• **Problem description**: Each line below from the "Nuestra lámpara colgante" line through the "おしゃれ ハイウエスト タックパンツ" line, those two included, must be restated word for word; the pictures must not be.
* * * * * * *
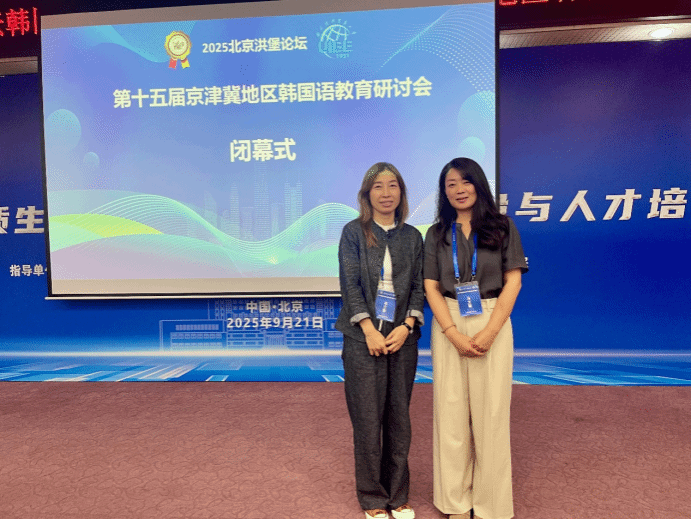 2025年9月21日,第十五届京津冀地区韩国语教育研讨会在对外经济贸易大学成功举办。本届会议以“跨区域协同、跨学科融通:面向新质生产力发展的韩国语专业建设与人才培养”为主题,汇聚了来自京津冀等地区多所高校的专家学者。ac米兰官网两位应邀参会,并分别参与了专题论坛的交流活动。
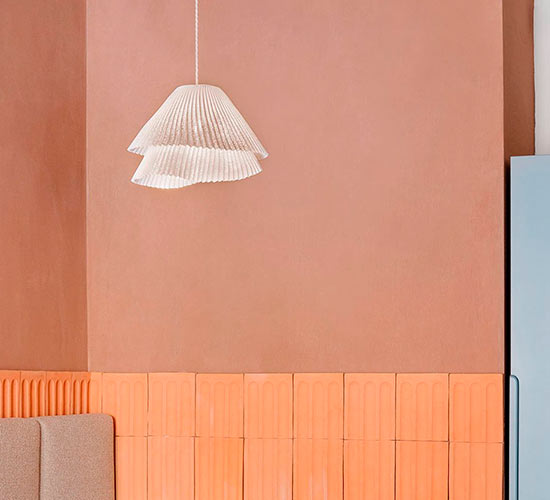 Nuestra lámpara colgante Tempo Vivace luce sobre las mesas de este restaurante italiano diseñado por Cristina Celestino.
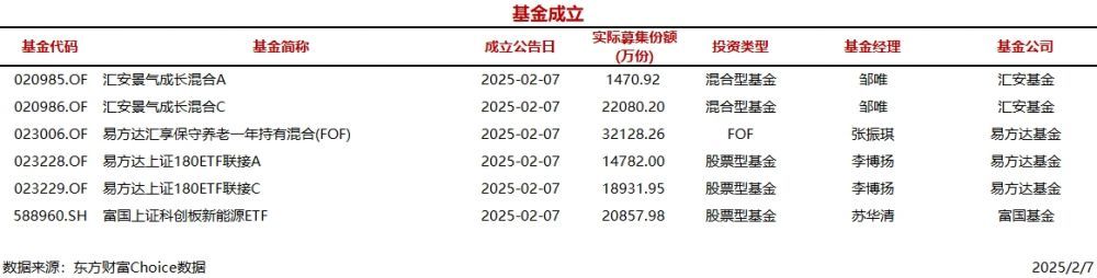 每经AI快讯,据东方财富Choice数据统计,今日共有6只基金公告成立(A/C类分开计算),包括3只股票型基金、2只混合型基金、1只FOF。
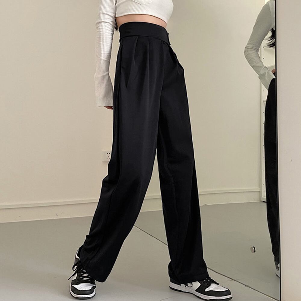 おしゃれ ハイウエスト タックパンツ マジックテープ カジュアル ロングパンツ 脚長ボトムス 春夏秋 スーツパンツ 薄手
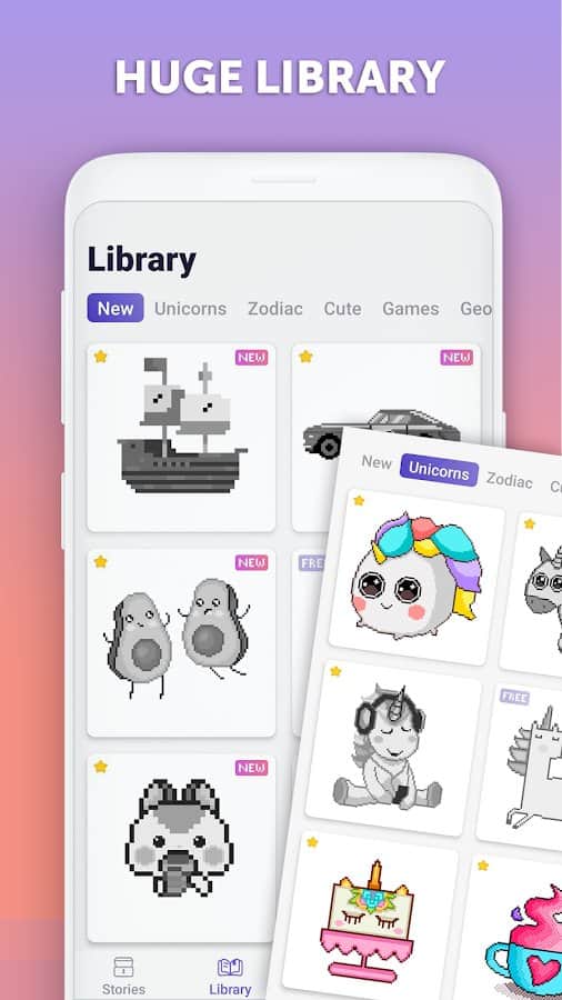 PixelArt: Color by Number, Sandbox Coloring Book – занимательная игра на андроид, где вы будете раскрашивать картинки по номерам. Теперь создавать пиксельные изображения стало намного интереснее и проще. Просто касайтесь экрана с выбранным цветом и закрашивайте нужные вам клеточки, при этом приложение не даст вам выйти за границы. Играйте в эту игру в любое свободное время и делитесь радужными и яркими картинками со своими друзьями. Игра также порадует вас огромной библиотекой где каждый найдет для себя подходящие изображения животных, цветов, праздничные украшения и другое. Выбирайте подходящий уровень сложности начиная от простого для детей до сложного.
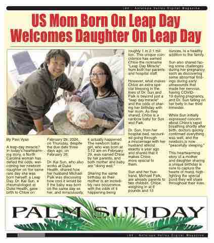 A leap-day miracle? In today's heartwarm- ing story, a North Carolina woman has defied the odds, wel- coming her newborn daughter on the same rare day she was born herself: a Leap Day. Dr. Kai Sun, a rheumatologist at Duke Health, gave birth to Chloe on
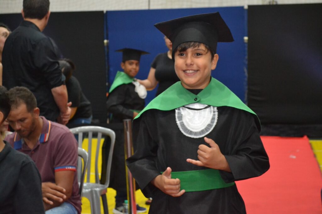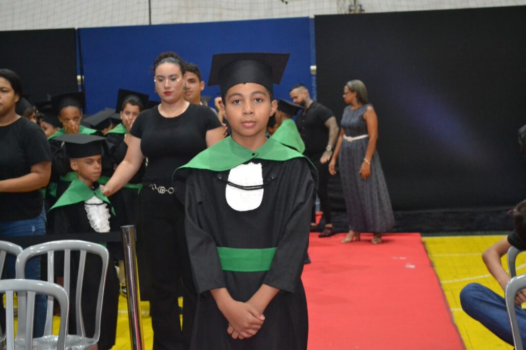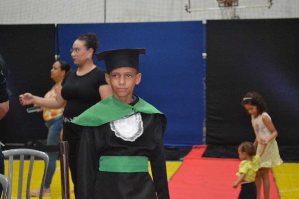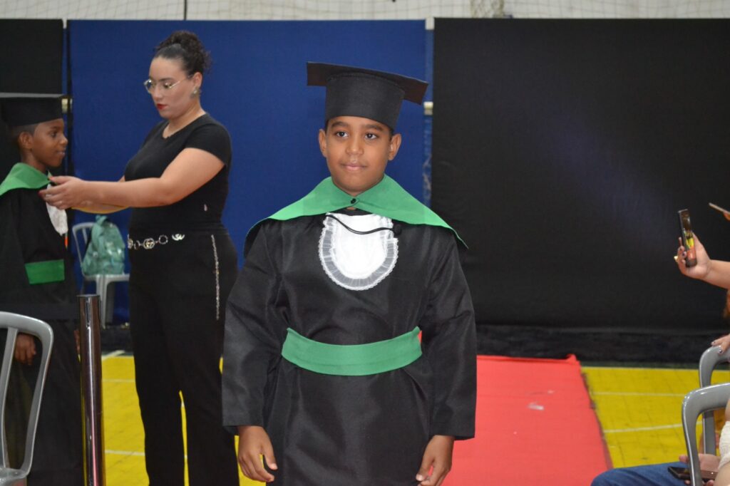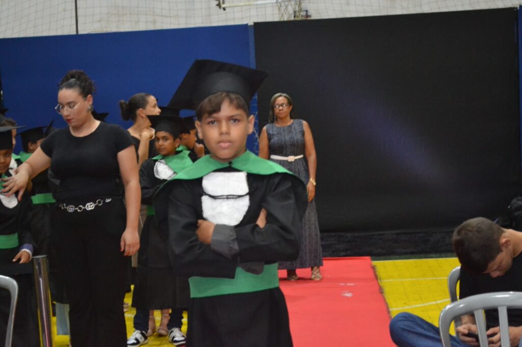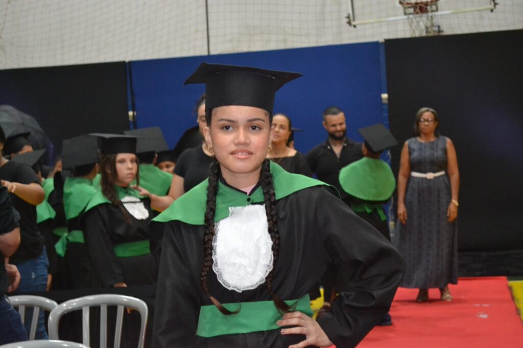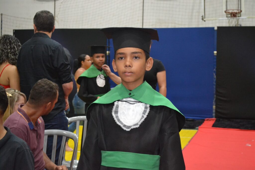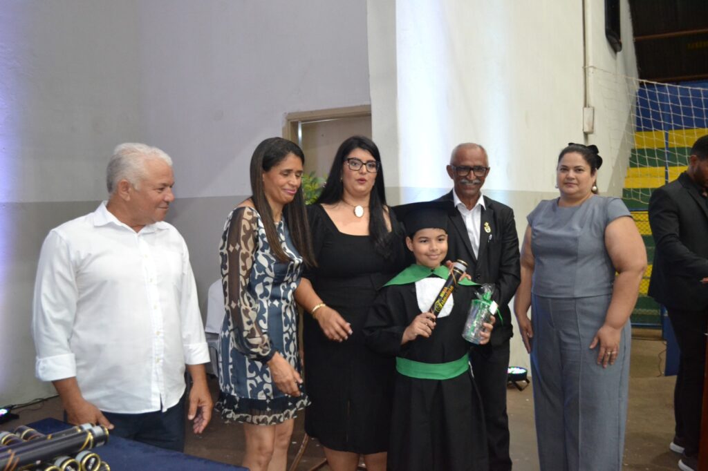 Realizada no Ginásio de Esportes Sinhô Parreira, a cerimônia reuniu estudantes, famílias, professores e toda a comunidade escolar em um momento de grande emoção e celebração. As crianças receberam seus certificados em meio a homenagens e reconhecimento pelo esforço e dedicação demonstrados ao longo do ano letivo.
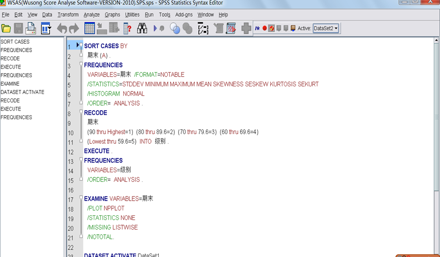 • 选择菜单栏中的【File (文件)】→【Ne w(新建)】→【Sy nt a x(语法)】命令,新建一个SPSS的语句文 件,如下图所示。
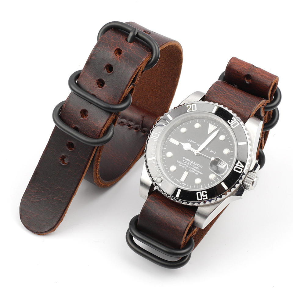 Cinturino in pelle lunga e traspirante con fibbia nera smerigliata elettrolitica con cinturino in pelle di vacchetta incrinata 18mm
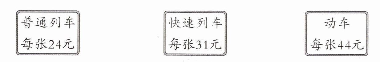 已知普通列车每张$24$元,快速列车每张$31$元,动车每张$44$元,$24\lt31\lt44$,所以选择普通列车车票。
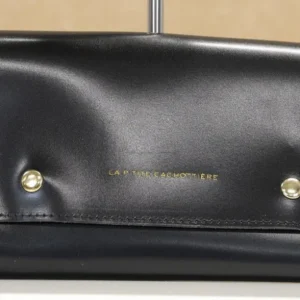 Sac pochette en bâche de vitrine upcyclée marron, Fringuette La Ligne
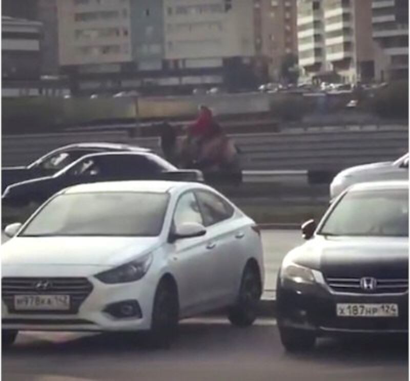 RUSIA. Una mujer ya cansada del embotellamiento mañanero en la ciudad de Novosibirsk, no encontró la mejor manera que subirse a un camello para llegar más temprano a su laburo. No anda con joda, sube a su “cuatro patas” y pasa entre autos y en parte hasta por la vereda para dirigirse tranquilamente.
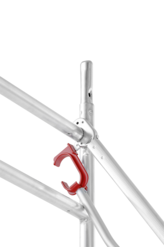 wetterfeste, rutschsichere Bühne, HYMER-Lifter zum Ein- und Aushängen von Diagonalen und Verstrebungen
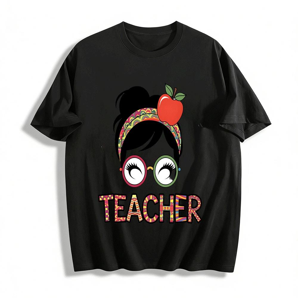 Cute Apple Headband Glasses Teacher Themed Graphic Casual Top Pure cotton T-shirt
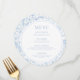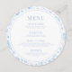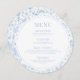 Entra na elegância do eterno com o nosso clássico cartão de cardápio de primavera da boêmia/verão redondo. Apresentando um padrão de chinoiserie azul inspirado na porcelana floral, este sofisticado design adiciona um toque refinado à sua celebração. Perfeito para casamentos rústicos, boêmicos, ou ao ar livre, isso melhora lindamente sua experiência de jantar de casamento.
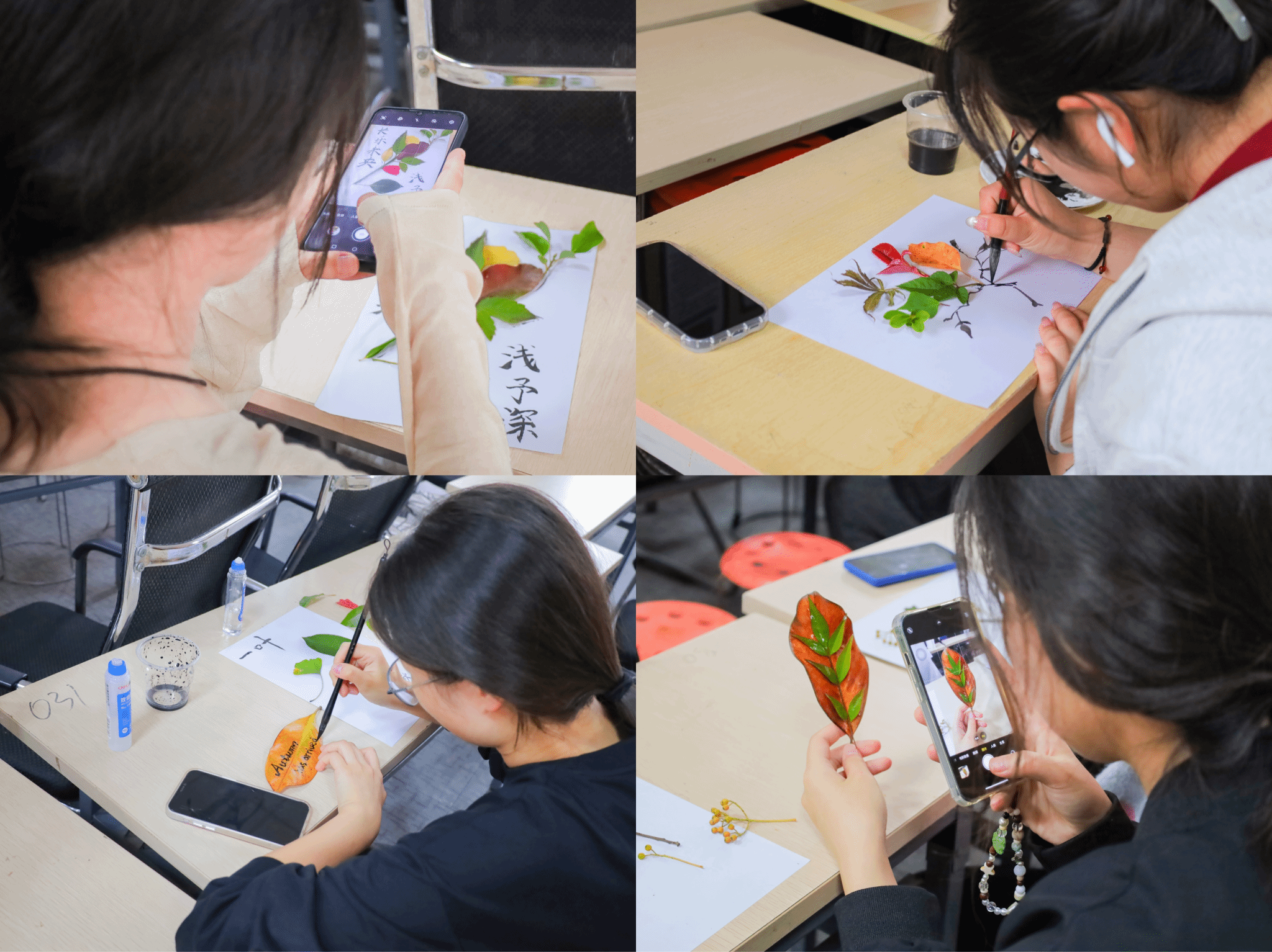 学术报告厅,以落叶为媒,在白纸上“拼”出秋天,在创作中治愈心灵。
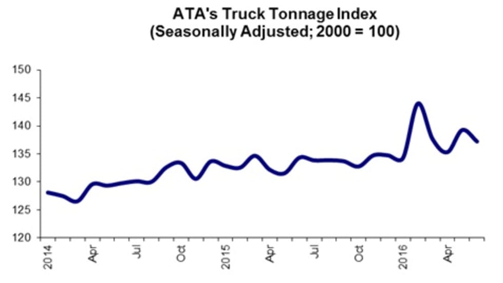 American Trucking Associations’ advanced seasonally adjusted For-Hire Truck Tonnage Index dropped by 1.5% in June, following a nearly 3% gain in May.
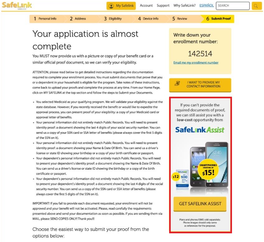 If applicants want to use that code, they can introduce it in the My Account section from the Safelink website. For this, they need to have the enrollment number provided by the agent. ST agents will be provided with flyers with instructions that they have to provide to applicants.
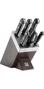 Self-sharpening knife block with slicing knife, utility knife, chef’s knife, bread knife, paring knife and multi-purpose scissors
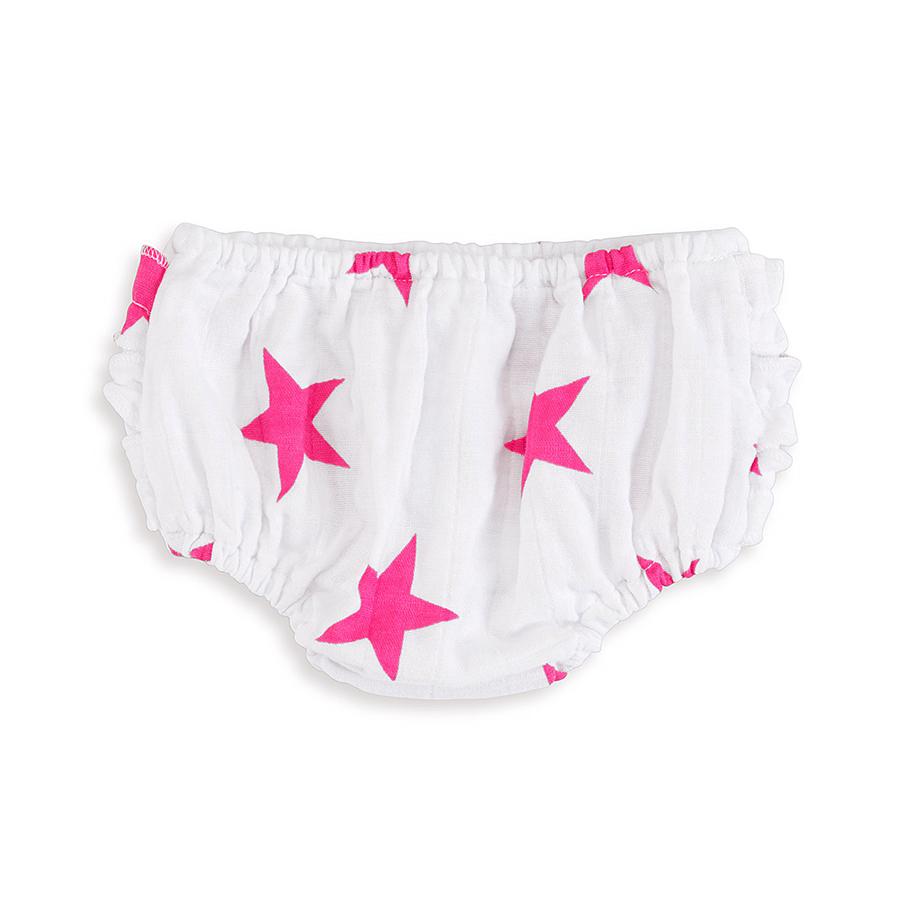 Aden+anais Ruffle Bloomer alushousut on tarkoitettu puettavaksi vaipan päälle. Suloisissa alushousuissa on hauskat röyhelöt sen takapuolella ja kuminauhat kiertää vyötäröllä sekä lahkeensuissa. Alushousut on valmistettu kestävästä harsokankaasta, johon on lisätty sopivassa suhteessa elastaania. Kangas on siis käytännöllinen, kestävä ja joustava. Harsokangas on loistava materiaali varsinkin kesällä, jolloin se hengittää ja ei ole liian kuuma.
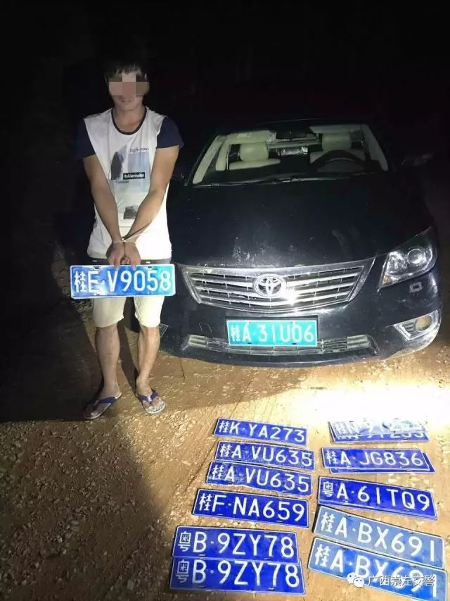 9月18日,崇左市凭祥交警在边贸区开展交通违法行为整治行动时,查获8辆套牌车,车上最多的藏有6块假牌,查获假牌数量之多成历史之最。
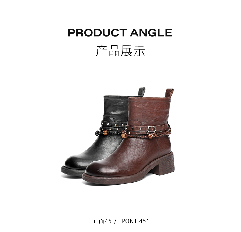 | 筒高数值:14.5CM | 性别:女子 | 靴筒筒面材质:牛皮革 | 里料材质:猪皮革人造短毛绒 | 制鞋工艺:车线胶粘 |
* * * * * * *
• **Completed task**:
 Nuestra lámpara colgante Tempo Vivace luce sobre las mesas de este restaurante italiano diseñado por Cristina Celestino.
 每经AI快讯,据东方财富Choice数据统计,今日共有6只基金公告成立(A/C类分开计算),包括3只股票型基金、2只混合型基金、1只FOF。
 おしゃれ ハイウエスト タックパンツ マジックテープ カジュアル ロングパンツ 脚長ボトムス 春夏秋 スーツパンツ 薄手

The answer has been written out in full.